== TO DO ==
Omit the images and reproduce the rest of the entries exactly.

Collection entries
■ ■ ■ ■

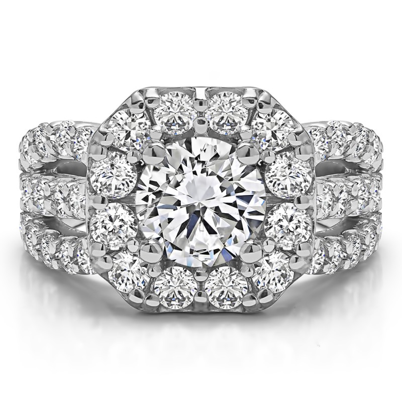 This engagement ring features a round center stone, surrounded by 42 round side stones. It has a 2 carat center stone, and 2.19 carats of side stones, giving the engagement ring a total weight of 4.19 carats. The band measures about 3 millimeters wide. All TwoBirch engagement rings are made with conflict free and eco-conscious metals and stones.
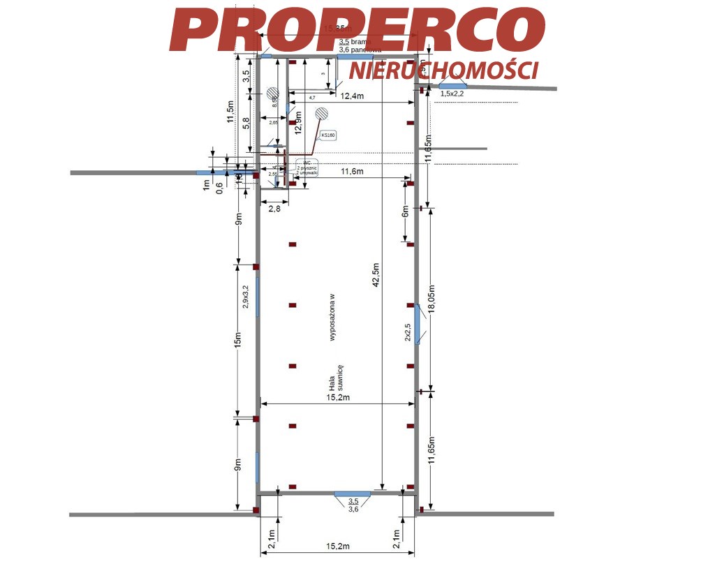 For rent: hall with an area of 650 m², located in the southern part of the city, with dimensions approx. 42,5 m x 15,3 m.
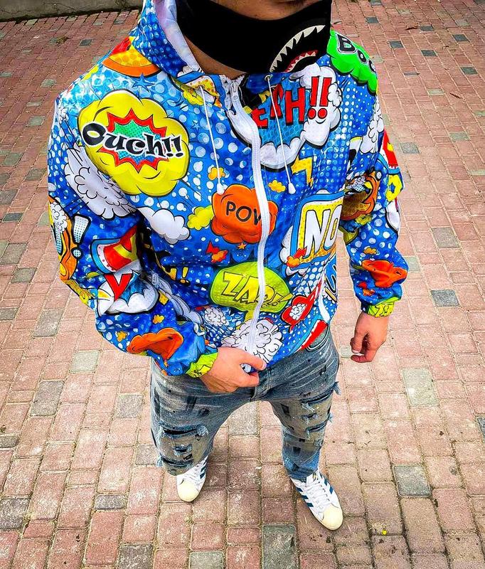 Яркая осенняя ветровка комикс Мужчины всегда предпочитают комфорт и удобство, именно этими качествами обладает ветровка. Она хорошо защитит от ветра и при этом в ней совсем не будет жарко, вы с удовольствием будете носить ее в переходный период года. В качестве застежки в ветровке используется молния. - Ткань: ветро/влагозащитная плащевка - Материал: турецкий коттон 95% еластан 5% - Рукава и низ на манжетах - При стирке не изменит свой цвет С нашей размерной сеткой Вам будет легче подобрать размер Для более точного подбора размера укажите рост и вес Рекомендации по уходу: - Использовать только жидкое средство для стирки - Стирать при температуре воды - 30-40 - Не следует использовать кондиционеры или отбеливатели - Не использовать функцию сушки Преимущества работы с нашей компанией: - Обмен и возврат товара без проблем - Никаких предоплат если в заказе не больше двух позиций - Отправка наложенным платежом либо по полной оплате, как вам удобно!
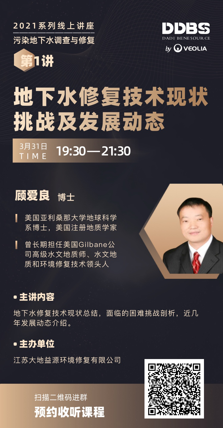 2021年“DDBS在線系列講座”第一講,將邀請顧愛良博士帶來《地下水修復(fù)技術(shù)現(xiàn)狀、挑戰(zhàn)及發(fā)展動態(tài)》主題課程。
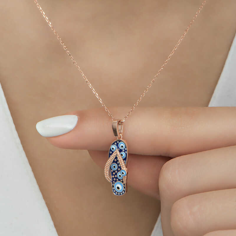 Gümüş Rose Nazar Parmak Arası Terlik Kadın Kolye
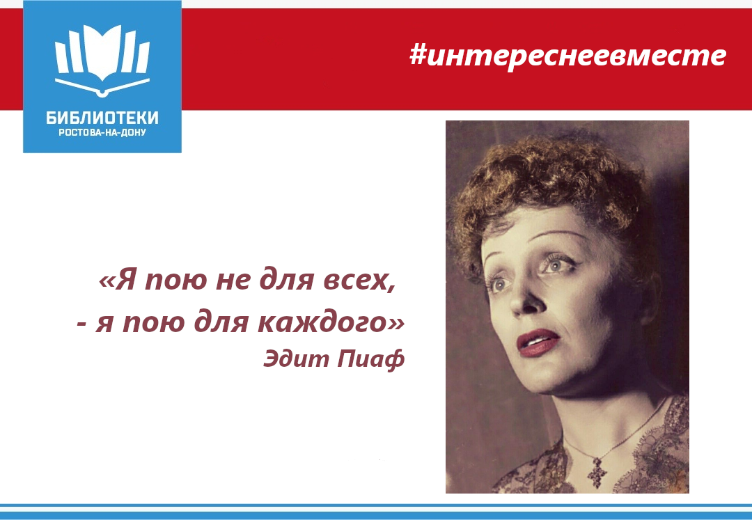 «Я пою не для всех, - я пою для каждого». В 2020 году исполнилось 105 лет со дня рождения певицы Эдит Пиаф - знаменитого французского «воробушка». Если вам захочется в очередной раз посетовать на тяжёлую судьбу, то просто вспомните эту маленькую хрупкую женщину и всё, через что ей пришлось пройти. Она много пережила трагедий, но не сломалась и до последнего дня своей короткой, но до предела насыщенной жизни являлась примером сильного и чистого духом человека. К юбилею французской артистки отдел ...

■ ■ ■ ■

== ANSWER TO THE PROBLEM ==
 This engagement ring features a round center stone, surrounded by 42 round side stones. It has a 2 carat center stone, and 2.19 carats of side stones, giving the engagement ring a total weight of 4.19 carats. The band measures about 3 millimeters wide. All TwoBirch engagement rings are made with conflict free and eco-conscious metals and stones.
 For rent: hall with an area of 650 m², located in the southern part of the city, with dimensions approx. 42,5 m x 15,3 m.
 Яркая осенняя ветровка комикс Мужчины всегда предпочитают комфорт и удобство, именно этими качествами обладает ветровка. Она хорошо защитит от ветра и при этом в ней совсем не будет жарко, вы с удовольствием будете носить ее в переходный период года. В качестве застежки в ветровке используется молния. - Ткань: ветро/влагозащитная плащевка - Материал: турецкий коттон 95% еластан 5% - Рукава и низ на манжетах - При стирке не изменит свой цвет С нашей размерной сеткой Вам будет легче подобрать размер Для более точного подбора размера укажите рост и вес Рекомендации по уходу: - Использовать только жидкое средство для стирки - Стирать при температуре воды - 30-40 - Не следует использовать кондиционеры или отбеливатели - Не использовать функцию сушки Преимущества работы с нашей компанией: - Обмен и возврат товара без проблем - Никаких предоплат если в заказе не больше двух позиций - Отправка наложенным платежом либо по полной оплате, как вам удобно!
 2021年“DDBS在線系列講座”第一講,將邀請顧愛良博士帶來《地下水修復(fù)技術(shù)現(xiàn)狀、挑戰(zhàn)及發(fā)展動態(tài)》主題課程。
 Gümüş Rose Nazar Parmak Arası Terlik Kadın Kolye
 «Я пою не для всех, - я пою для каждого». В 2020 году исполнилось 105 лет со дня рождения певицы Эдит Пиаф - знаменитого французского «воробушка». Если вам захочется в очередной раз посетовать на тяжёлую судьбу, то просто вспомните эту маленькую хрупкую женщину и всё, через что ей пришлось пройти. Она много пережила трагедий, но не сломалась и до последнего дня своей короткой, но до предела насыщенной жизни являлась примером сильного и чистого духом человека. К юбилею французской артистки отдел ...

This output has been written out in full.